Real-world evidence generation and non-interventional studies are often more efficient than, and can be complementary to, interventional trials. For the Floodlight programme, non-interventional studies and real-world evidence generated with Floodlight MS serves to complement assessment of Floodlight test technology in more formal clinical trial settings. Research is also being conducted to improve the clinical utility of the test suite, support clinical analysis, develop quality control features, and advance the understanding of sensor data .

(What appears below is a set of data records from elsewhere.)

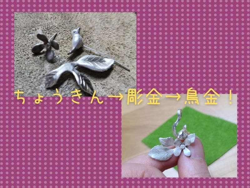 粒々コツコツ・ジュエリー制作ジュエリーデザイン 2021.03.26ちょうきん→彫金→鳥金!小さなパーツを組み立て中、地味な作業です制作中は見た目も地味です作業はまだまだ続きます地味な作業を繰り返し地味な姿も完成すればキラキラピカピカ!素敵な小鳥ジュエリーに変身です♡まるでみにくいアヒルの子みたいだなぁ~完成すれば里親募集しなければ!もちろん有料ですよ!大切にして下さる方大募集です♡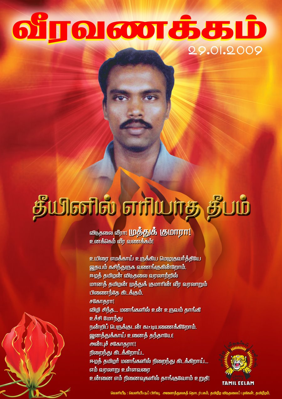 வணக்கம். வேலைக்குப் போகும் அவசரத்திலிருக்கும் உங்களை இப்படி சந்திக்க நேர்ந்ததற்கு நான் வருந்துகிறேன். ஆனால் வேறு வழியில்லை. என் பெயர் முத்துக்குமார். பத்திரிகையாளர் மற்றும் உதவி இயக்குநர். தற்சமயம் சென்னையில் உள்ள பத்திரிகை ஒன்றில் வேலை செய்து வருகிறேன். உங்களைப்போல் தான் நானும். தினமும் செய்தித்தாளையும், இணையத்தையும் பார்த்து பார்த்து, தினம் தினம் கொல்லப்பட்டு வரும் எம் சக தமிழர்களைக் கண்டு சாப்பிட முடியாமல், தூங்க முடியாமல், யோசிக்க முடியாமல் தவிக்கும் எத்தனையோ பேரில் ஒரு சாமானியன். வந்தாரை வாழ வைக்கும் செந்தமிழ் நாட்டில் சேட்டு என்றும், சேட்டனென்றும் வந்தவனெல்லாம் வாழ, சொந்த ரத்தம் ஈழத்தில் சாகிறது. அதைத் தடுத்து நிறுத்துங்கள் என்று குரல் கொடுத்தால், ஆம் என்றோ இல்லை என்றோ எந்த பதிலும் சொல்லாமல் கள்ள மௌனம் சாதிக்கிறது இந்திய ஏகாதிபத்தியம். இந்தியாவின் போர் ஞாயமானதென்றால் அதை வெளிப்படையாகச் செய்ய வேண்டியதுதானே.. ஏன் திருட்டுத்தனமாக செய்ய வேண்டும்?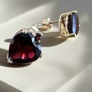 10k Solid Gold 2.30 Carat Garnet Heart Shaped Earrings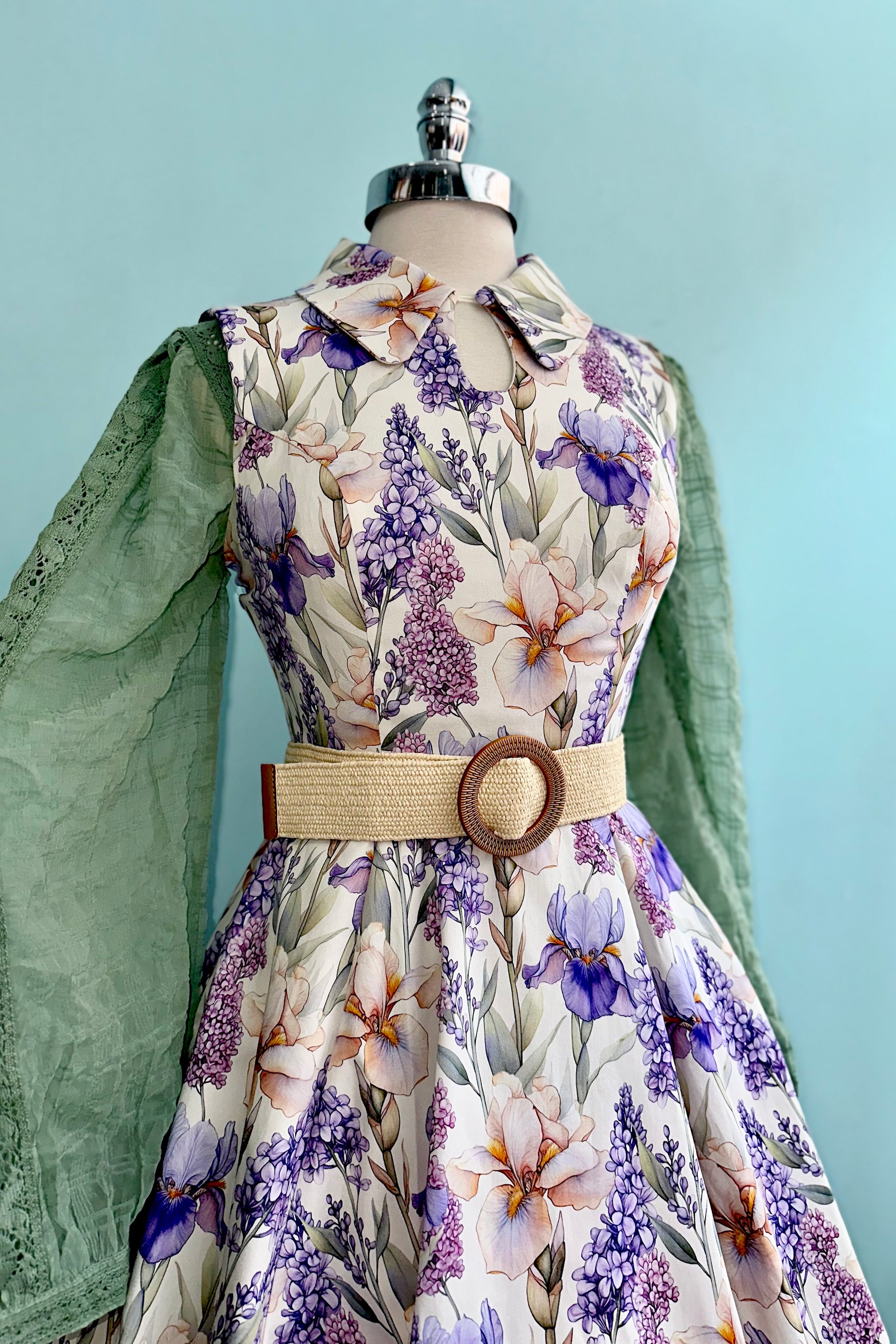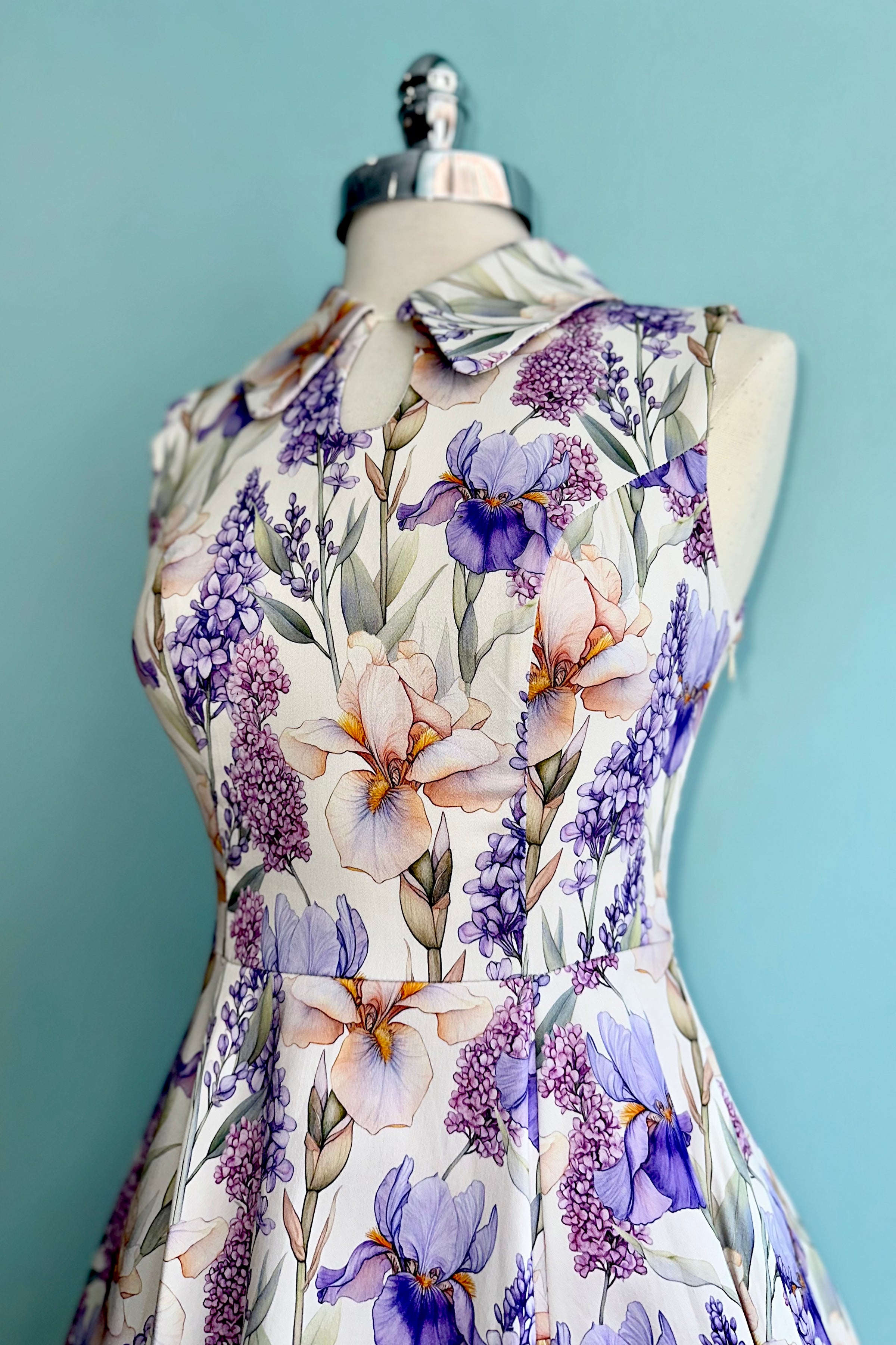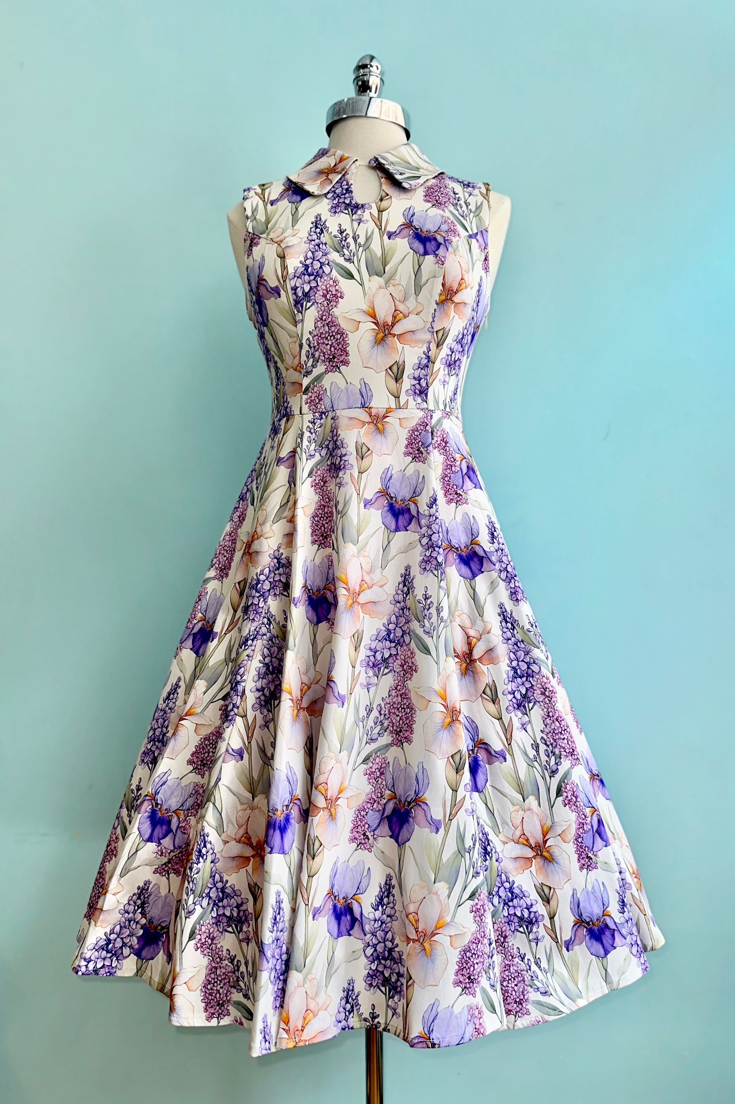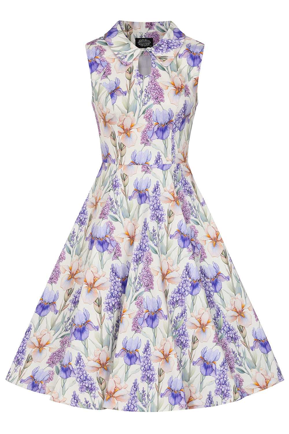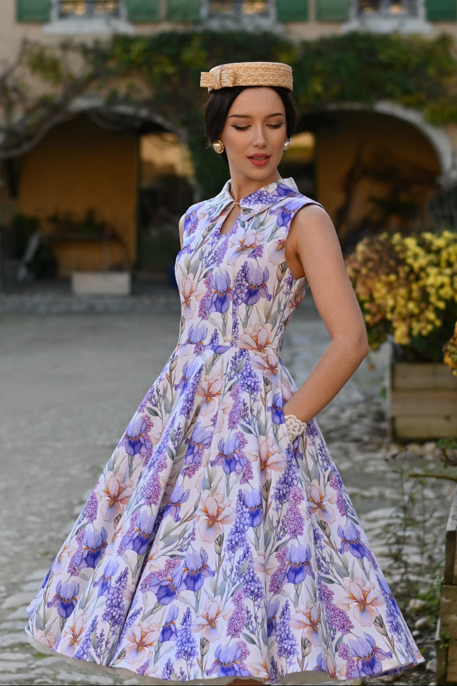 A sleeveless ivory dress adorned with cascading blooms in lavender, lilac, and warm peach tones. The classic shirt-style bodice features a pointed collar and a softly structured silhouette. The fitted waist flows into a full swing skirt with hidden side seam pockets. It is crafted in a lightweight breathable fabric that has a good amount of stretch. This dress is unlined and zips up the back.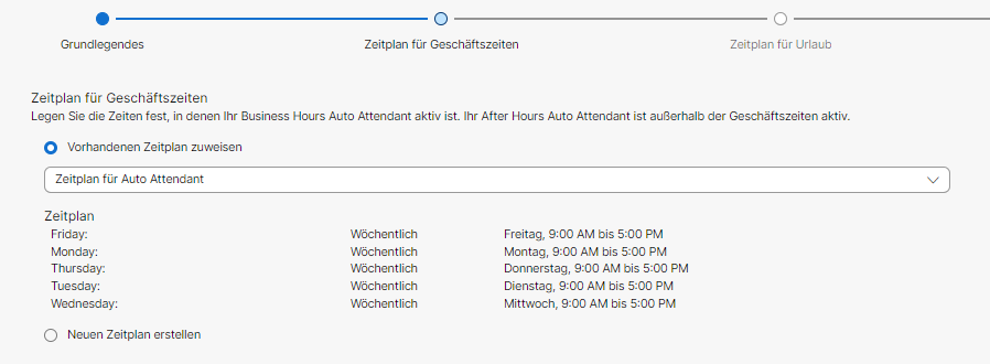 Die Geschäfts- und Urlaubszeiten werden bei Webex für Placetel über Zeitpläne definiert.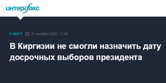 Москва. 21 октября. INTERFAX.RU - Парламент Киргизии не смог назначить дату досрочных выборов президента из-за отсутствия кворума, сообщает в среду корреспондент "Интерфакса" с заседания парламента.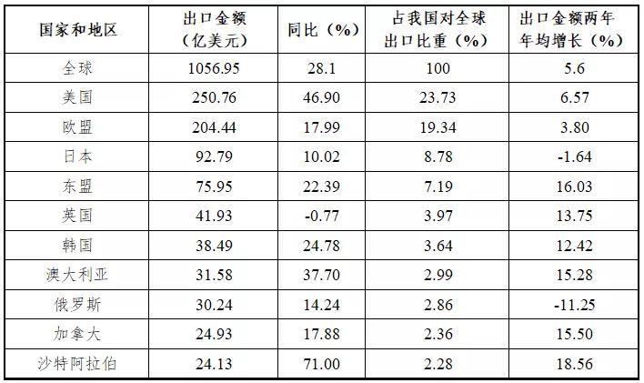 表1.2021年1-8月我國(guó)對(duì)部分國(guó)家和地區(qū)出口服裝情況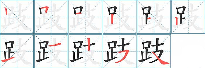 - 问:写"跂"字第11笔是什么笔画?答:捺【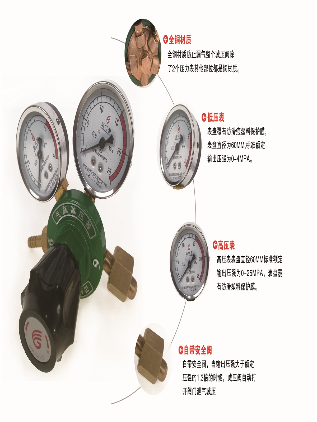 National winning card full copper oxygen pressure reducer gas cylinder pressure meter oxygen meter YQY-1A type pressure reducing valve

The development path outlined here culminated in the release of Floodlight MS, which contains the five assessments registered as SaMD. Additional features, such as the Patient Journal, designed to help users reach the outcome of improved care conversations, are grouped separately and are thus able to be more frequently and flexibly iterated and improved upon based on user feedback, without necessitating resubmission to regulatory authorities. This continual iteration is enabled by recurring development cycles, which allow improvements to be implemented frequently, generating updated versions several times throughout the year. Floodlight MS is set to continue evolving, and thus certain topics covered in this paper may be revisited as knowledge advances.
The use of different technical deployment models, tailoring the means by which the solution is provided, may also provide the flexibility needed to meet local regulatory requirements and enable interoperability and integration in a complex and fragmented electronic health records landscape . Three deployment models were designed for Floodlight MS: (i) a standalone solution with an HCP-facing web-based portal for data access, (ii) a standalone solution that can be integrated with electronic health records, and (iii) a software development kit (SDK). The SDK enables rapid, tailored integration of the Floodlight MS assessments into a third-party solution, for example into the DreaMS digital research tool advanced by the Research Center for Clinical Neuroimmunology and Neuroscience, Basel (RC2NB) . The SDK approach also allows for integration into solutions developed in-house. Tailoring the deployment model for a digital solution may enable greater interoperability and the capability to address diverse and local needs on a greater scale.